Exercise details
Nothing but the lines below from the one holding "Ob es ein kleiner" up to and including the one holding "Los alumnos del instituto han" should be copied, exactly and without pictures.

Recorded data
....

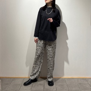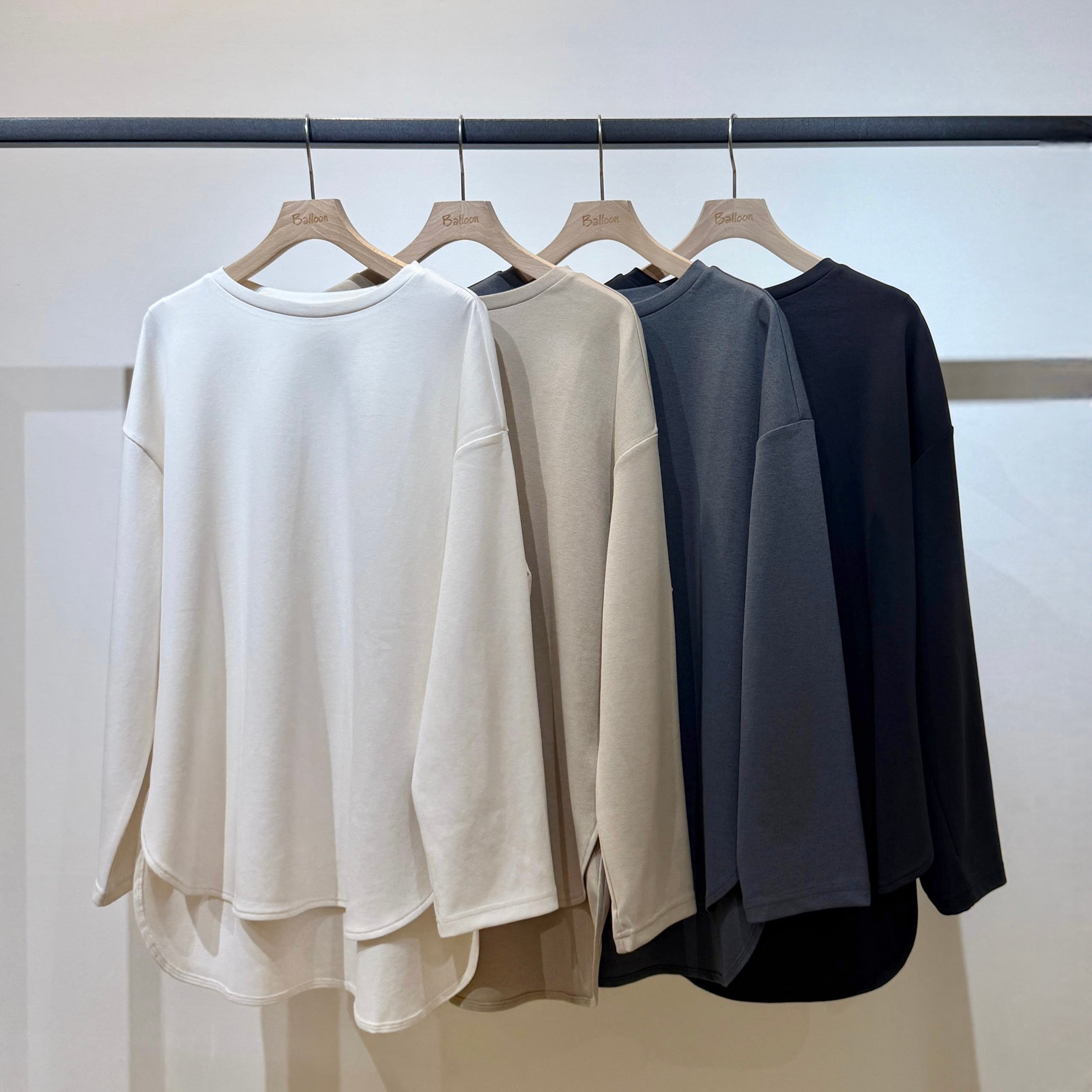 透けにくく体のラインを拾いにくいリラクシーなシルエットで、サイドのラウンドカットが抜け感を演出。
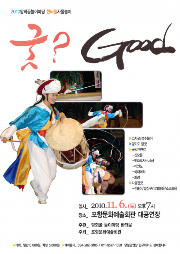 ‘굿 ? Good!’은 근래에 보기드문 이색적인 공연으로, 우리나라 전통 굿이 무엇인가라는 의문을 제기하고, 굿의 정신을 담아낸 사물놀이 한마당을 통해 맺힌 것을 풀어내 신명나는 삶으로 인도한다는 ‘굿은 좋은 것’이라는 의미를 담아내고자 했다.
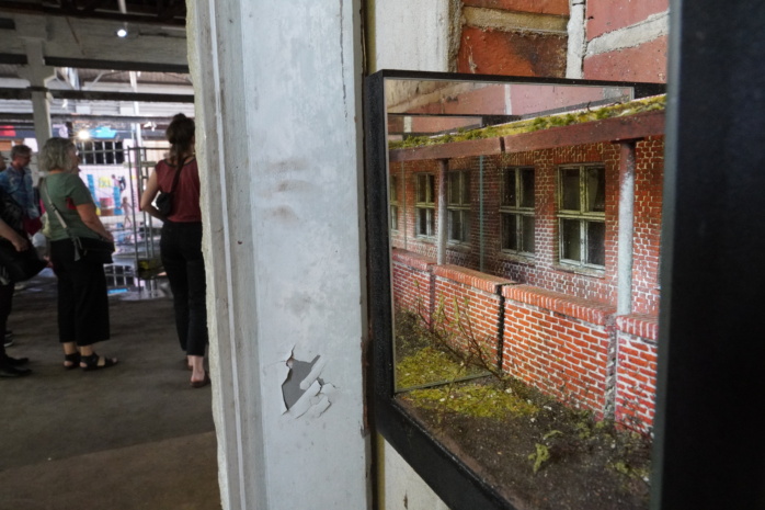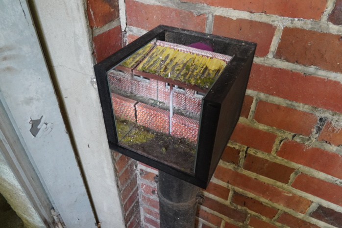 Ob es ein kleiner rosafarbener Pilz ist, der aus der Wand ragt oder eine mit Gras überwachsene Malerrolle neben einem künstlichen Baum. Auch für die Kunstwerke des Leipziger „Ministreetart“-Künstlers André Schmidt brauchte es ein gutes Auge. Überall in der Ausstellung waren seine Miniaturräume versteckt. Teils eingebaut, um ein Loch in der Wand zu füllen. Oder ein Reihenhaus, das sich mit Spiegeln in eine unendliche Siedlung ausdehnt.
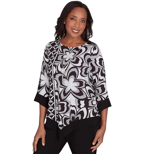 Alfred Dunner Runway Ready Black and White Metalic with Contrast Trim Polyester Top
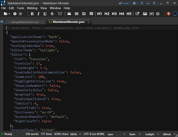 您可以通过保存到磁盘或通过将Markdown选择作为HTML直接复制到剪贴板来导出标记到HTML。HTML预览可以显示大多数常见编码语言的语法着色代码片段,并且可以很容易地用HTML和CSS模板定制以匹配您自己的站点。你可以选择一个明暗的主题,选择单独的编辑器和预览主题。您甚至可以使用VIM或Emacs类型约定。其他方便的特性允许您在内置文件夹浏览器中浏览和选择文件,跳转到资源管理器或终端中的当前文件夹,提交到Git等。
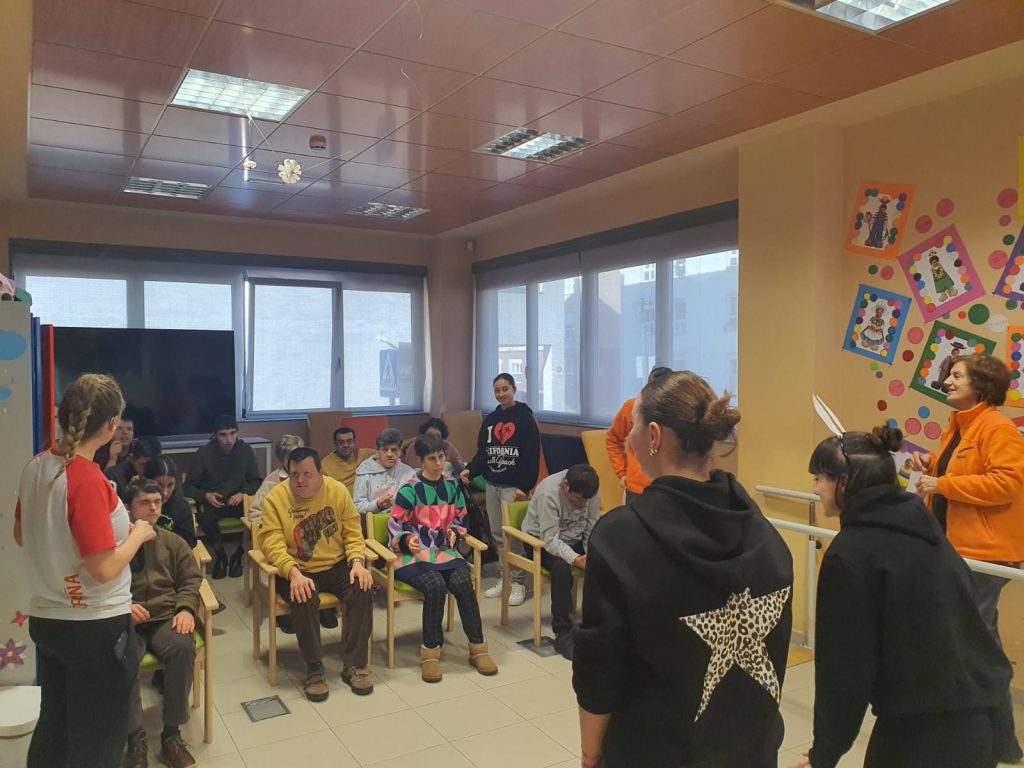 Los alumnos del instituto han venido al centro a hacernos una representación teatral interactiva, lo hemos pasado muy bien y nos han pedido una colaboración para una representación que se hará en carnaval en la Casa de Cultura del ayuntamiento de Arriondas. Dentro del programa de promoción y participación, los usuarios del CAI de Arriondas participan activamente en muchas de las actividades realizadas por los alumnos del Instituto El Sueve, el colegio Rio Sella y el CPR.
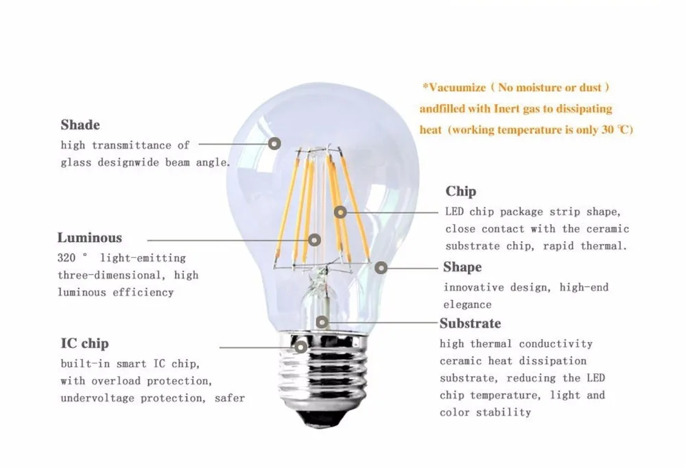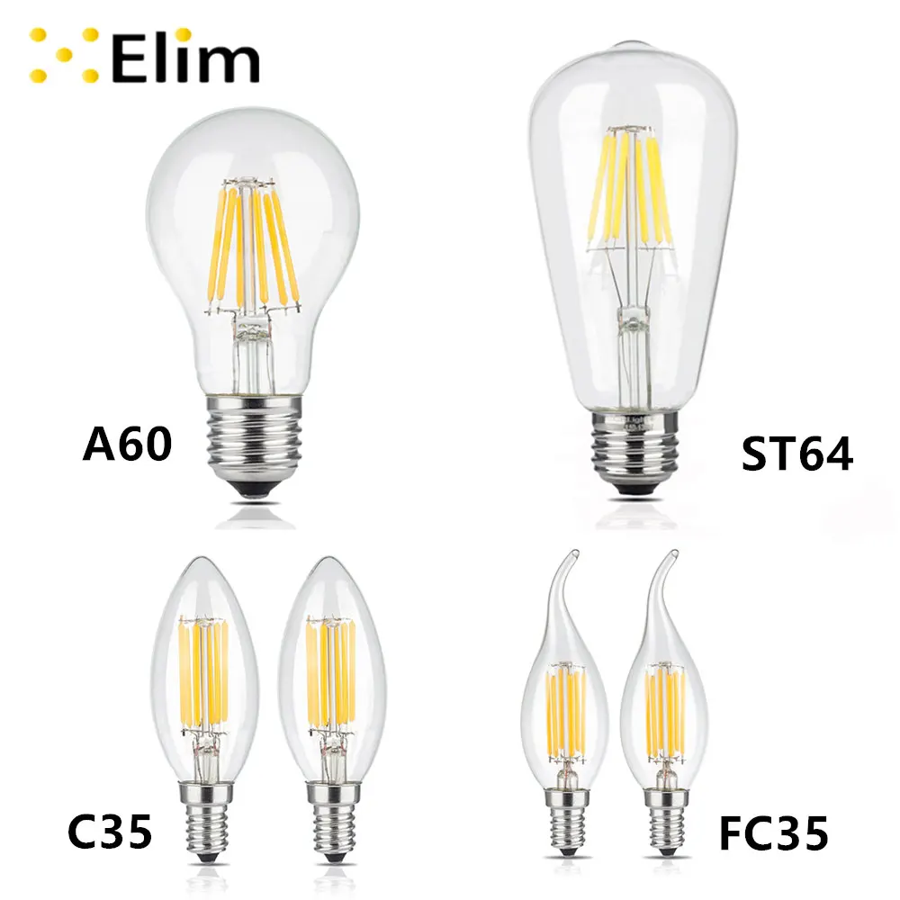 Светодиодная лампа накаливания A60 ST64 C35 FC35 E27 E14, люстра в виде свечи, 2 Вт, 4 Вт, 6 Вт, 8 Вт, 220 В, точесветильник светильник, светодиодсветильник лампа, люстра

....

Reply to the task
 Ob es ein kleiner rosafarbener Pilz ist, der aus der Wand ragt oder eine mit Gras überwachsene Malerrolle neben einem künstlichen Baum. Auch für die Kunstwerke des Leipziger „Ministreetart“-Künstlers André Schmidt brauchte es ein gutes Auge. Überall in der Ausstellung waren seine Miniaturräume versteckt. Teils eingebaut, um ein Loch in der Wand zu füllen. Oder ein Reihenhaus, das sich mit Spiegeln in eine unendliche Siedlung ausdehnt.
 Alfred Dunner Runway Ready Black and White Metalic with Contrast Trim Polyester Top
 您可以通过保存到磁盘或通过将Markdown选择作为HTML直接复制到剪贴板来导出标记到HTML。HTML预览可以显示大多数常见编码语言的语法着色代码片段,并且可以很容易地用HTML和CSS模板定制以匹配您自己的站点。你可以选择一个明暗的主题,选择单独的编辑器和预览主题。您甚至可以使用VIM或Emacs类型约定。其他方便的特性允许您在内置文件夹浏览器中浏览和选择文件,跳转到资源管理器或终端中的当前文件夹,提交到Git等。
 Los alumnos del instituto han venido al centro a hacernos una representación teatral interactiva, lo hemos pasado muy bien y nos han pedido una colaboración para una representación que se hará en carnaval en la Casa de Cultura del ayuntamiento de Arriondas. Dentro del programa de promoción y participación, los usuarios del CAI de Arriondas participan activamente en muchas de las actividades realizadas por los alumnos del Instituto El Sueve, el colegio Rio Sella y el CPR.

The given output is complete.